Randy Smyth

Personal information
- Full name: Randolph L. Smyth
- Born: July 7, 1954 (age 72) Pasadena, California, U.S.

Medal record
Men's sailing
Representing the United States
Olympic Games
| Silver medal – second place | 1984 Los Angeles | Tornado |
| Silver medal – second place | 1992 Barcelona | Tornado |

= Randy Smyth =

American sailor (born 1954)

Randolph L. Smyth (born July 7, 1954) is an American competitive sailor and two-time Olympic silver medalist. He is a multihull specialist, who won two Olympic silver medals racing catamarans, and has won innumerable national and world titles skippering multihulls. In a 2003 profile on him in Sailing World magazine he was described as America's greatest multihull sailor. He was born in Pasadena, California.

==Career==
At the 1984 Summer Olympics, Smyth finished in 2nd place in the tornado along with his partner Jay Glaser.

He sailed for Stars & Stripes when they defended the 1988 America's Cup.

At the 1992 Summer Olympics, Smyth finished in 2nd place in the tornado along with his partner Keith Notary.

He is a six time Winner of the Worrell 1000. a 1000-mile race up the east coast of the US from Ft. Lauderdale to North Carolina, run in 12 or more stages. The race, contested on beach cats from 16 to 20 feet over the years, requires contestants to sail off the beach, through the surf, and back on the beach at the conclusion of each days sailing. Smyth won the event in 1985, 1989, 1997, 1998, 1999, and 2000. The race has been run 14 times since its inception in 1976, with a different make and model and formula classes used in different years. In 2022 Smyth again competed in the Worrell 1000, under the Team Rudee's banner and won several early legs of the competition.

Smyth has competed multiple times for the Hobie Alter Cup, a competition designed to determine the U.S. national multihull champion, and organized by US Sailing, the sports federation that oversees amateur and Olympic sailing in the United States. The contest has been held annually since 1987. The race is typically contested on "one design", with a rotating list of makes and models being used each year, including numerous models of Hobie Cat, Nacra and Prindle beach cats.
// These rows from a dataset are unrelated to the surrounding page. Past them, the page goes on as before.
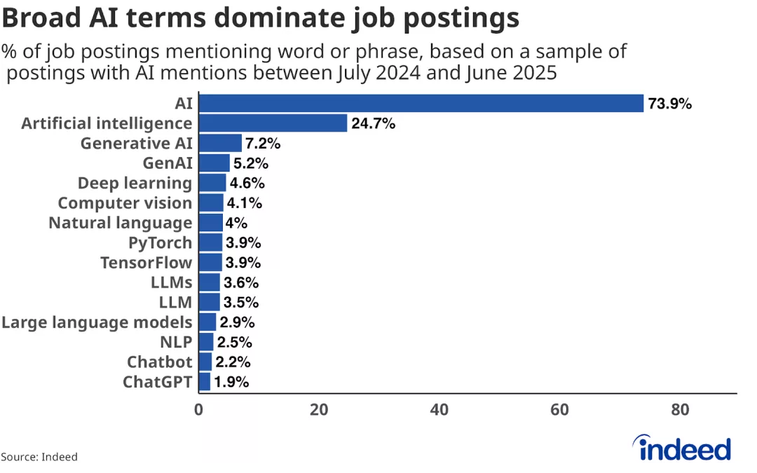 2024 年 7 月至 2025 年 6 月,人工智能相关职位招聘信息中最常用的 15 个关键词,AI 占主要地位,而不是某项具体 AI 技能,如计算机视觉、自然语言处理等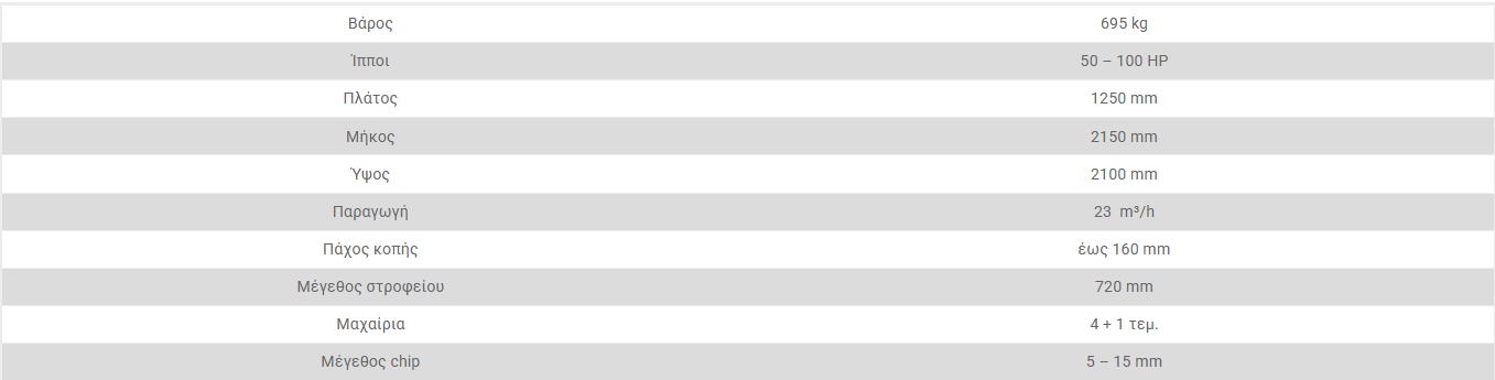 - Υψηλής σκλήρυνσης στροφείο( όχι χυτοσίδηρο) με 4 αναστρέψιμα μαχαίρια και 1 στο κάτω μέρος για τη ρύθμιση του πάχους κοπής..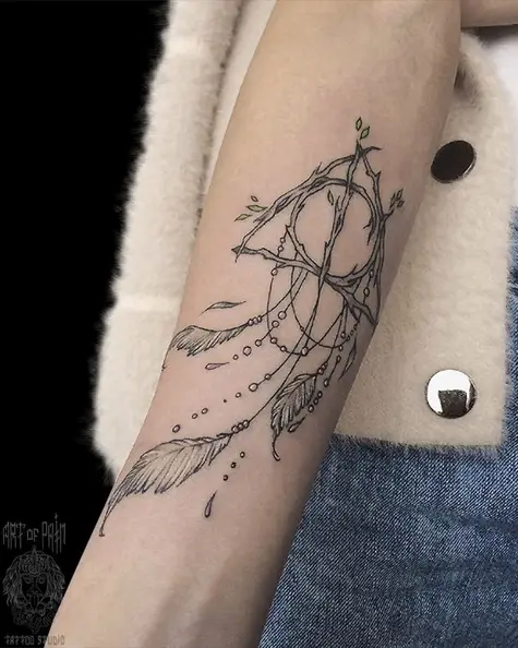 Татуировка женская графика на предплечье ловец снов из веток 4767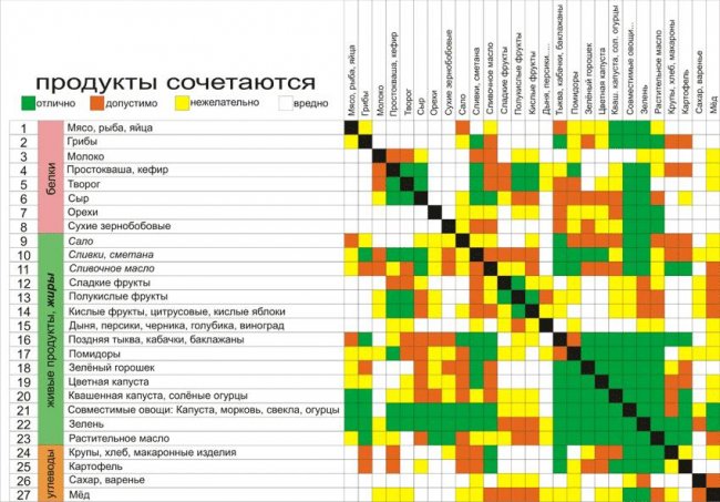 Думаю, что определить, к какому типу относится продукт согласно своим вкусовым особенностям вам не составит особого труда, поэтому переходим к следующему разделу статьи, а именно, как правильно сочетать между собой различную привычную нам пищу. Нежелательные сочетания продуктов между собой.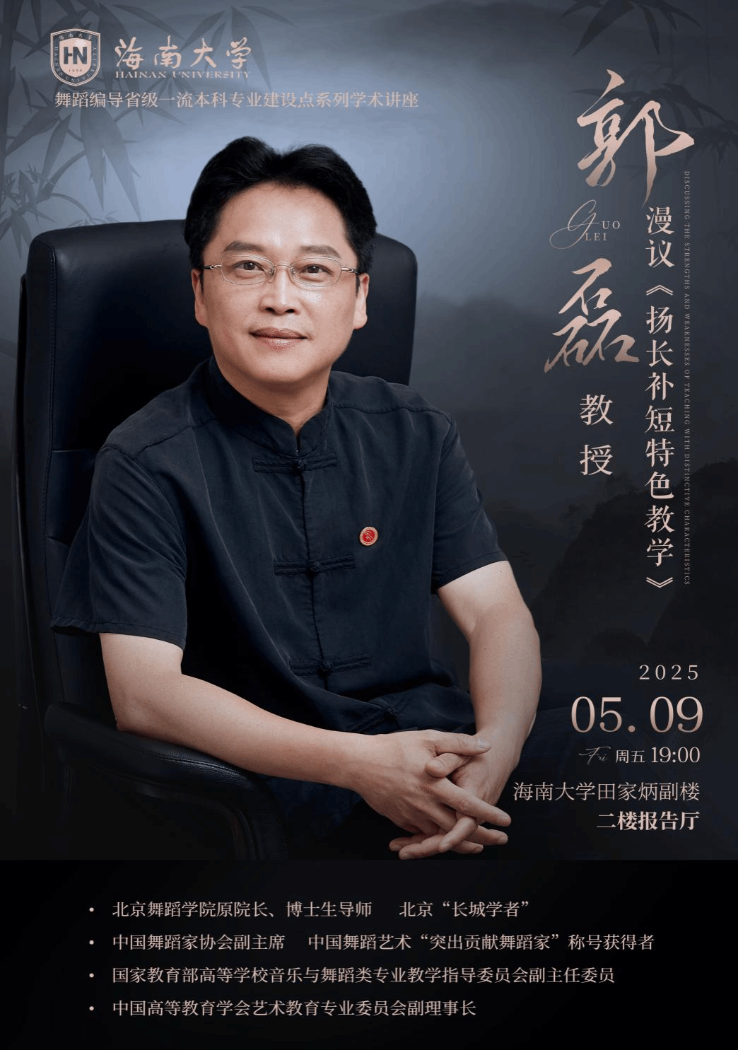 5月9日19:00,浦京集团官网舞蹈系举办舞蹈编导省级一流本科专业建设点系列学术讲座——《扬长补短特色教学》,特邀北京舞蹈学院原院长、博士生导师郭磊教授主讲。活动由舞蹈系教师杨小强主持。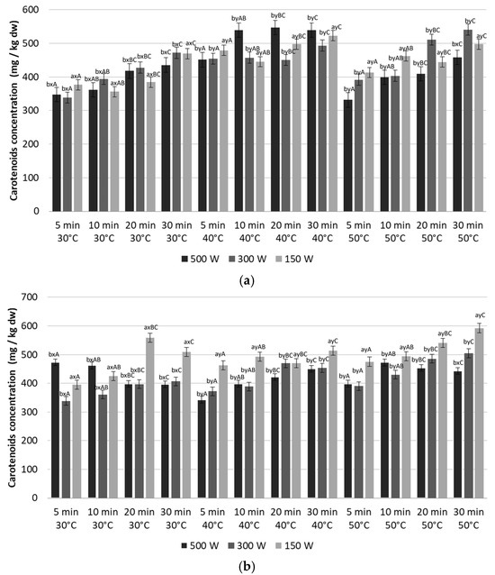 Effect of microwave power, extraction time, and temperature of MAE on total carotenoid yield (as spectrophotometrically determined), using a solid/liquid ratio of (a) 1:10 g/mL, and (b) 1:30 g/mL. Superscript letters a, b represent significant differences (p < 0.05) between extraction Watt. Superscript letters x, y represent significant differences (p < 0.05) between extraction temperature. Superscript letters A, B, C represent significant differences (p < 0.05) between extraction time (n = 4).

Smyth has won the Trophy 5 times, in 1990, 1993, 1995, 1998, and in 2018 at age 64 on the Weta trimaran, the first time a trimaran was the boat used in the tournament.

Smyth also served as a sailing consultant and skipper for the Hollywood movies "Water World" starring Kevin Costner and "The Thomas Crowne Affair" starring Pierce Bronson. Both movies featured maxi-multihull sailboats of over 60 feet length, which are extremely high-performance boats that require an experienced helmsman to safely sail.

He is currently involved in interesting new multihull projects utilizing hydrofoils. The most recent is 53 feet long and build in Rhode Island.

Smyth was inducted into the National Sailing Hall of Fame in 2017.